Even if Congress ultimately fails to pass legislation establishing an outbound investment regime, recent reports indicate a forthcoming EO from the White House that would design a new outbound regime, including a combination of investment restrictions and notification requirements, focusing on semiconductors, artificial intelligence, and quantum technology. Deputy Attorney General Lisa Monaco’s recent remarks on “disruptive technologies” also referenced “outbound investment” as a key, emerging focus of the U.S. government, further suggesting that Administration action was likely. The final scope and timing of an EO remains to be seen, but this is yet another area where the government’s resources (particularly more senior resources) on investment screening—resources that formerly were the exclusive domain of CFIUS and related processes, such as the Committee for the Assessment of Foreign Participation in the United States Telecommunications Services Sector (better known as “Team Telecom”)—will continue to spend time, making individual transactions or enforcement matters compete for that time.
- Scrutiny from Congress and the China Select Committee. Meanwhile, we expect increasing domestic scrutiny, including in the form of Congressional investigations, to further exacerbate pressures on the Committee. The feedback loop between Congressional pressure and recent media focus, for instance, on Chinese real estate investments in North Dakota and elsewhere, has created a constrictive environment for CFIUS that exposes the Committee’s processes to political stress and, in turn, could trigger a chilling effect.
Central to this new normal will be the Republican majority in the House of Representatives. Earlier this year, the House formally established the new “Select Committee on the Strategic Competition Between the United States and the Chinese Communist Party,” (“Select Committee”) with a bipartisan vote of 365-65 (Covington alert). The Select Committee will be heavily focused on oversight and investigations and is expected to scrutinize, among other things, U.S. businesses operating in China, businesses in China on which the United States is perceived to depend, and other areas where Congress sees opportunities for private industry to bolster America’s competitive position against China.
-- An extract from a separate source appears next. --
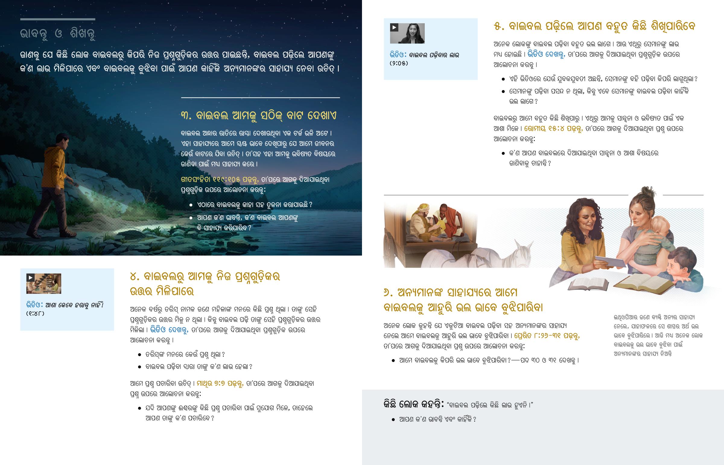 ଅନେକ ଲୋକଙ୍କୁ ବାଇବଲ ପଢ଼ିବା ବହୁତ ଭଲ ଲାଗେ । ଆଉ ଏଥିରୁ ସେମାନଙ୍କୁ ଲାଭ ମଧ୍ୟ ହୋଇଛି । ଭିଡିଓ ଦେଖନ୍ତୁ, ତାʼପରେ ଆଗକୁ ଦିଆଯାଇଥିବା ପ୍ରଶ୍ନଗୁଡ଼ିକ ଉପରେ ଆଲୋଚନା କରନ୍ତୁ ।

The Select Committee has no legislative authority to act on any policy measures; its primary function is hortatory, shaping both public opinion and guiding standing committees (and possibly the Executive Branch) regarding policies that should be pursued to address “the Chinese Communist Party’s economic, technological, and security progress and its competition with the United States.” The Select Committee's unique contribution is its ability to address perceived risks from China through a “whole of government” approach, unlike other committees which are limited in their respective jurisdictions. Although the Select Committee has yet to formally announce its investigative agenda, Republican leadership has indicated that the Select Committee will focus on a range of national security issues, including outbound investment, cybersecurity, intellectual property, healthcare supply chains, oil and gas, and even renewable energy, targeting President Biden’s clean tech initiatives that involve collaboration with China. Overall support for the Select Committee’s agenda remains notably bipartisan, with a Democrat serving as the panel’s ranking member.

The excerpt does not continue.